How to Read the Weekly Governor Performance Rankings
What 263 metrics actually means, why most week-to-week movement is small, and how to tell a real change in a governor's record from noise in the data pipeline.
What the 263 metrics are
The weekly Governor Performance Rankings score all 50 sitting governors against the same set of 263 metrics. Every metric is a number from a named public source, refreshed on that source's own release schedule. The metrics group into the areas a governor's record actually touches: employment and economy, drawn from the Bureau of Labor Statistics state employment series and Bureau of Economic Analysis state GDP data (BLS, Local Area Unemployment Statistics; BEA, GDP by State); fiscal condition, drawn from enacted budgets and the National Association of State Budget Officers' surveys (NASBO, Fiscal Survey of States); education, drawn from the National Assessment of Educational Progress (NAEP, The Nation's Report Card); public health, drawn from CDC mortality and health statistics (CDC WONDER); and public safety, drawn from FBI crime data submissions (FBI, Crime Data Explorer).
The number 263 is not a boast.

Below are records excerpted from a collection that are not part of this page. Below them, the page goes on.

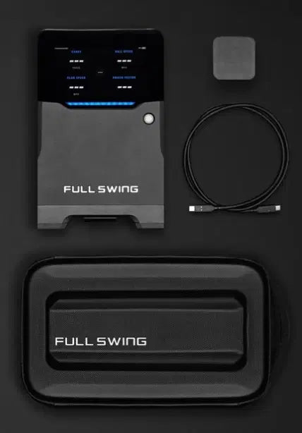 No extra accessories fees here, it’s all included: Full Swing KIT Launch Monitor, Charging Block, USB-C Charging Cable, Protective Travel Case
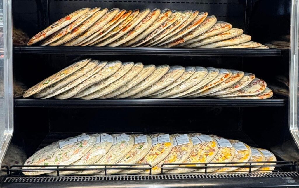 Handmade pizzas are baked in-house or available as take-and-bake.
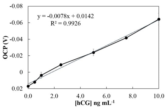 hCG was detected under optimal conditions using our proposed OCP system. A calibration curve was constructed by plotting the OCP signal versus known concentrations of hCG. Linearity was observed between 0 and 10 ng mL−1, with correlation coefficient (R2) higher than 0.99 (Figure 8). The LoD was calculated from 3 Sbl/S, where Sbl is the standard deviation of blank measurement (n = 10), and S is the sensitivity of the method (slope of linearity). The LoD was found to be 0.28 ng mL−1 (28 mIU mL−1), when the performance of the proposed electrochemical immunoassay was compared to the previous electrochemical immunoassay using voltammetry and amperometry for the detection of hCG [,,] as shown in Table 2. Although the previous techniques provided lower LoDs, the proposed system offers simpler electrochemical detection, a lower minimum amount of sample, and a more cost-effective disposable SPCE. To compare proposed sensor to the other hCG biosensors, such as lateral flow test strips colorimetric biosensor [,], our proposed sensor offers less amount of sample volume (as small as 2 μL), and ability to detect multi targets simultaneously with less interference. In addition, depending on the amount of hCG in pregnancy, marijuana use, hypogonadism (testicular failure), cirrhosis, inflammatory bowel disease, and duodenal ulcers, the obtained LoD is low enough to screen hCG concentration in clinical diagnostic applications []. The reproducibility of the proposed immunosensor was evaluated from the response to 10 ng mL−1 hCG at five independently prepared electrodes. The relative standard deviation (RSD) was 4.92%. Therefore, our proposed PtNP-based method demonstrates that it is a simpler electrochemical detection procedure with an acceptable sensitivity and reproducibility. Moreover, it could be applied to a simplified and miniaturized diagnostic system with minimal user manipulation.
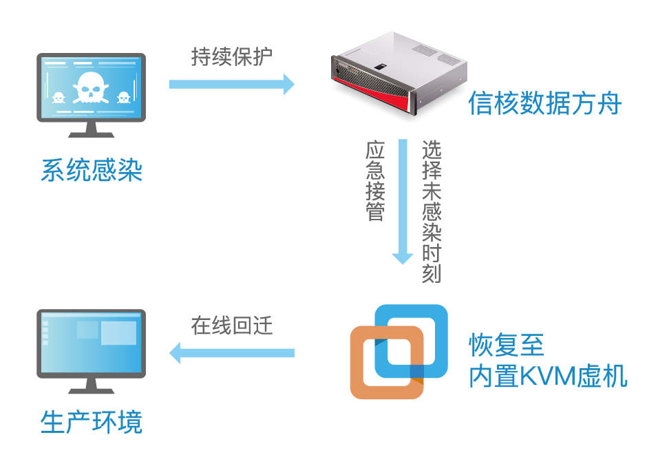 用户系统被勒索病毒锁死,可通过信核灾备一体机的应急接管功能快速将业务恢复至被锁前状态,在原有业务环境修复或新业务环境搭建完成后,通过在线回迁功能,快速将业务交割至生产环境。
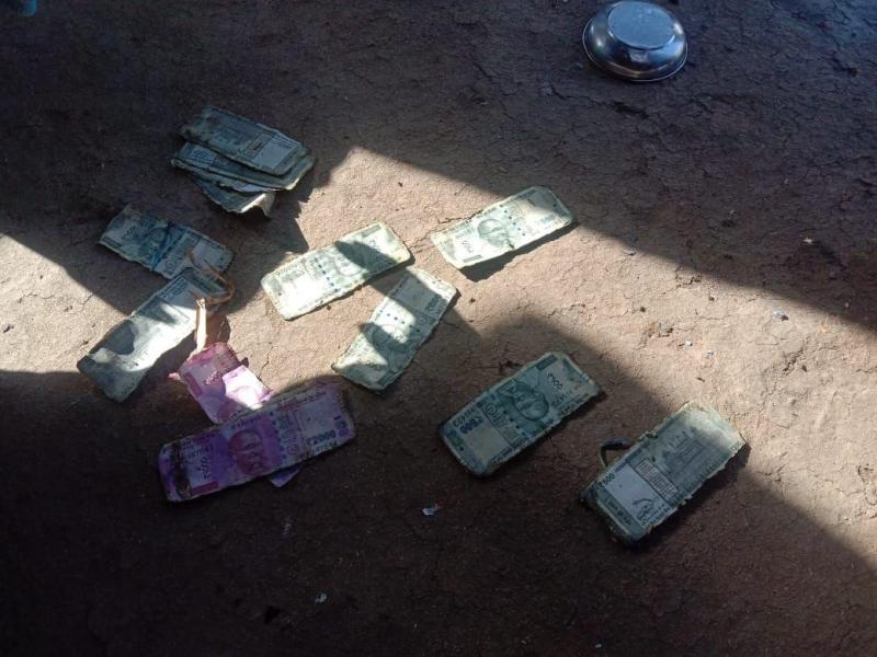 आरूद। तालाब किनारे लावारिस मिले पांच सौ और दो हजार रुपए के नोट।
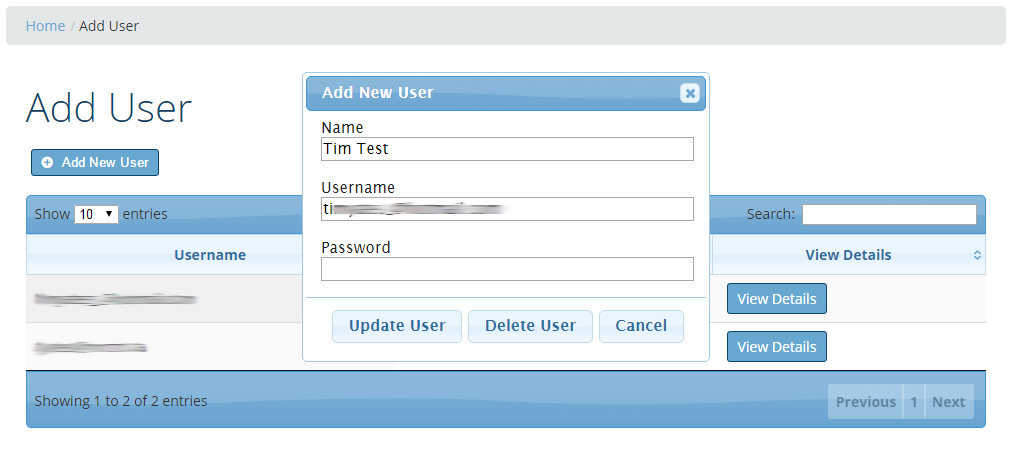 On the master user account, click on Add User to access the user administration panel. Click View Details beside the staff you wish to remove. A pop-up box will appear with their information. Click Delete User.
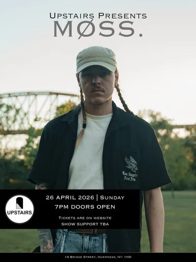MØSS. Brings the launch of his new music to Inverness with his first headline show "upstairs" you can expect a night of unheard music & story telling that will have you in your feels from the get go. With a writers round style support from some of MØSS' favorite local singer songwriters. Its going to be a special night... so get your tickets now!

It is a defense. A ranking built on three or four metrics can be steered by choosing which three or four. A ranking built on 263, all named, all public, all applied identically to every governor of both parties, is much harder to steer, including by us. The full metric list and weights sit in the methodology box attached to every weekly edition. If a metric is not in that box, it is not in the score.
Why most weeks are quiet
Readers sometimes ask why a governor moved only one spot after a big news week. The answer is that the rankings measure records, not headlines. Most of the underlying sources update monthly, quarterly, or annually. BLS state employment data arrives monthly. BEA state GDP arrives quarterly. NAEP scores arrive on a multi-year cycle (National Center for Education Statistics, NAEP). In a typical week, only a fraction of the 263 metrics receive fresh data, so only a fraction of each governor's score can move. That is by design. A performance ranking that swung five places on a press conference would be measuring press conferences.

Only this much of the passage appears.